Problem requirements
The reply needs the lines from the one containing "OCC Hub は、オンライン会議時に外部デバイスと" through the end of the material, each repeated exactly, and no pictures.

Start of Block

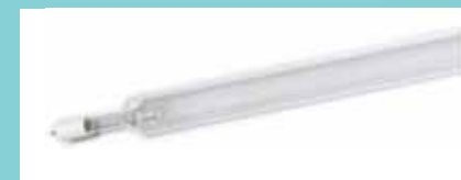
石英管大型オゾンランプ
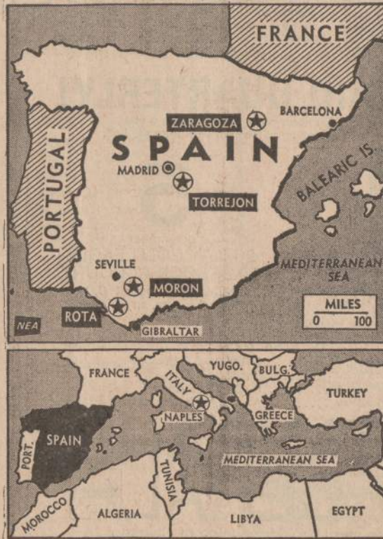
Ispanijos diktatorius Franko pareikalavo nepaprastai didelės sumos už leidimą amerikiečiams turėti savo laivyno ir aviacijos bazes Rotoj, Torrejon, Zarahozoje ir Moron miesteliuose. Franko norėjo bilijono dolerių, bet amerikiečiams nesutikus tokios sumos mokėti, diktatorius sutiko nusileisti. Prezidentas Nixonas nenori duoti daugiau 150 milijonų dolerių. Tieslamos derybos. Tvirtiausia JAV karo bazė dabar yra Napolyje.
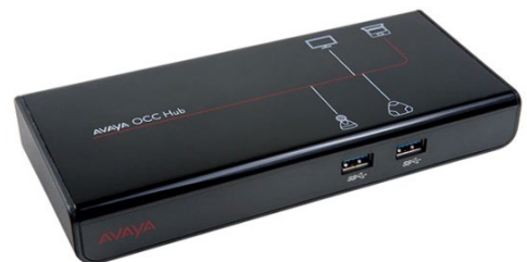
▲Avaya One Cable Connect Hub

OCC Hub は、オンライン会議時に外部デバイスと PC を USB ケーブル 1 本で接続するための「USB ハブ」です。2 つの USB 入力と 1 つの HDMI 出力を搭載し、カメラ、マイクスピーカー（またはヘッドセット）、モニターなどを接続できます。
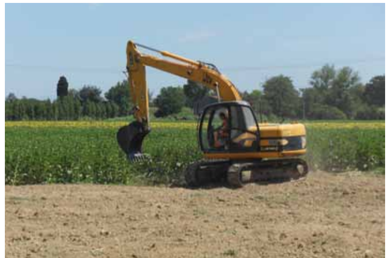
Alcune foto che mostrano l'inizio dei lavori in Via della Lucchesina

End of Block

Exercise result
OCC Hub は、オンライン会議時に外部デバイスと PC を USB ケーブル 1 本で接続するための「USB ハブ」です。2 つの USB 入力と 1 つの HDMI 出力を搭載し、カメラ、マイクスピーカー（またはヘッドセット）、モニターなどを接続できます。
Alcune foto che mostrano l'inizio dei lavori in Via della Lucchesina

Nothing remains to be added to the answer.